Start of DATA PROVIDED

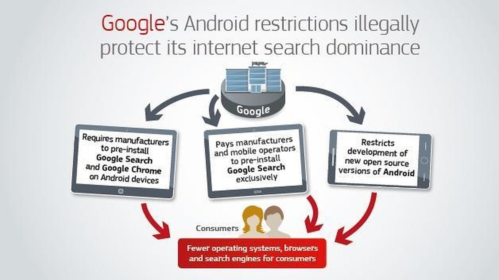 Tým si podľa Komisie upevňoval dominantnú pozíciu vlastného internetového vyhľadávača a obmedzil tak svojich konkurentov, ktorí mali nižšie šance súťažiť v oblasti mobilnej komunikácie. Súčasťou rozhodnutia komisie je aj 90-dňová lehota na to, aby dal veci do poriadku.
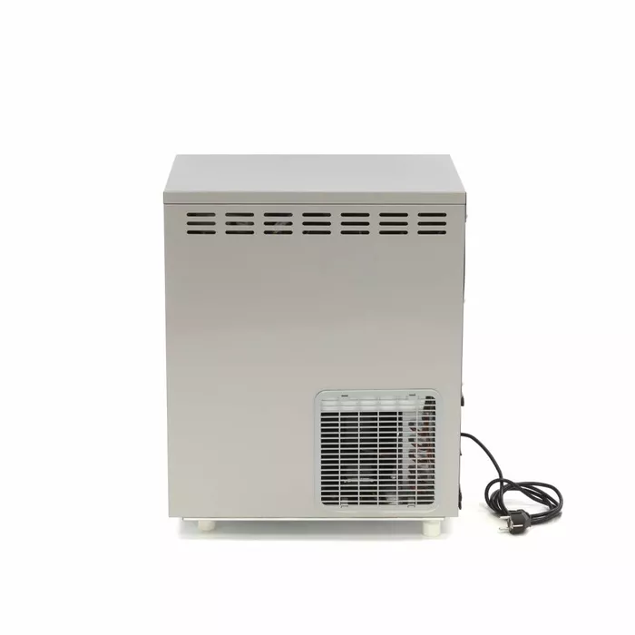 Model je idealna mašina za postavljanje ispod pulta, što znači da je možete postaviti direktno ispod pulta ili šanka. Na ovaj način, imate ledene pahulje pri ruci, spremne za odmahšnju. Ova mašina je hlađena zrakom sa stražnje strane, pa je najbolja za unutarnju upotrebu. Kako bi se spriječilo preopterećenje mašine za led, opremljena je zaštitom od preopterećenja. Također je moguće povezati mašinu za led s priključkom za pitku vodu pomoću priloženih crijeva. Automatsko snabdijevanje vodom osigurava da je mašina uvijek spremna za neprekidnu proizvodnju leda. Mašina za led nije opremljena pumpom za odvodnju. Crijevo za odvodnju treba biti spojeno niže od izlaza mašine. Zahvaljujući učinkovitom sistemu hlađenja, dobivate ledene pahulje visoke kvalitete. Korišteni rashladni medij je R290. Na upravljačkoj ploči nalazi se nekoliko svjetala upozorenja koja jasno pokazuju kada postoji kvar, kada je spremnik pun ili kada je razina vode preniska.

End of DATA PROVIDED
Start of DATA PROVIDED

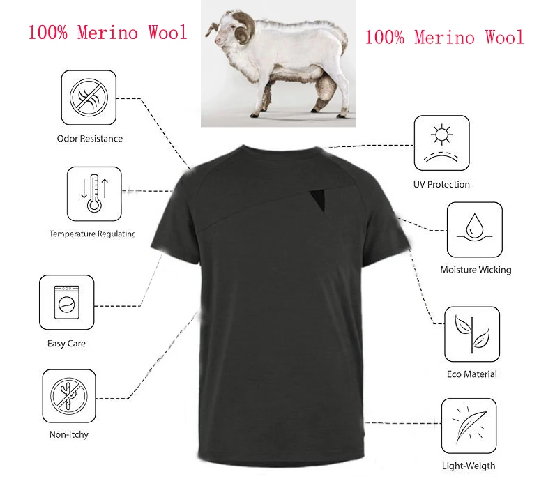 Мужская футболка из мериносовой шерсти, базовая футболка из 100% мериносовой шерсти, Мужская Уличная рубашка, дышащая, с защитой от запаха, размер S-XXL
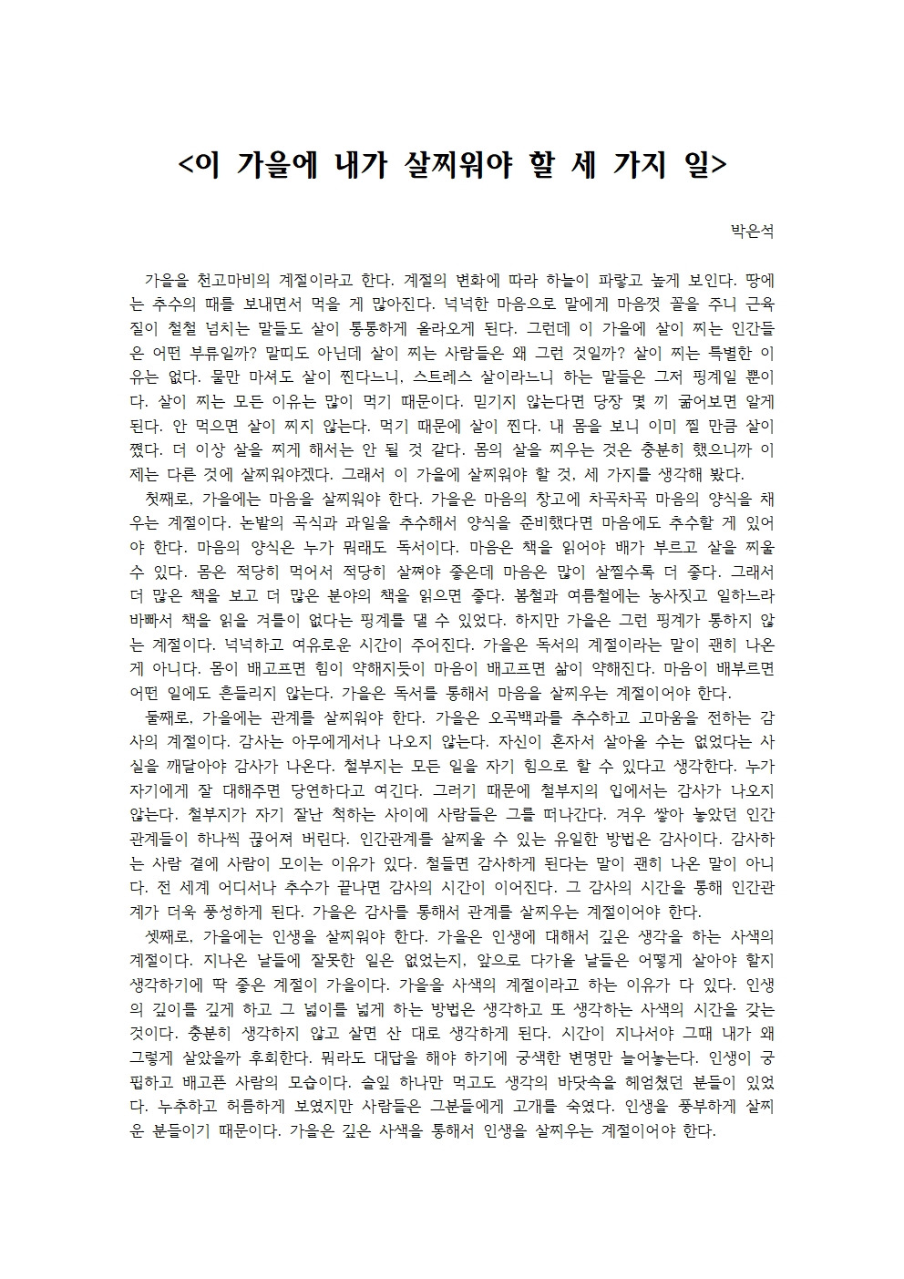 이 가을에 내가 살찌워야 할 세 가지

End of DATA PROVIDED

### [TASK INSTRUCTIONS]
Taking the entries above, extract every line from the one bearing "Мужская футболка из" through the one bearing "이 가을에 내가 살찌워야 할 세 가지", exactly, with no pictures.

### [FINAL ANSWER]
 Мужская футболка из мериносовой шерсти, базовая футболка из 100% мериносовой шерсти, Мужская Уличная рубашка, дышащая, с защитой от запаха, размер S-XXL
 이 가을에 내가 살찌워야 할 세 가지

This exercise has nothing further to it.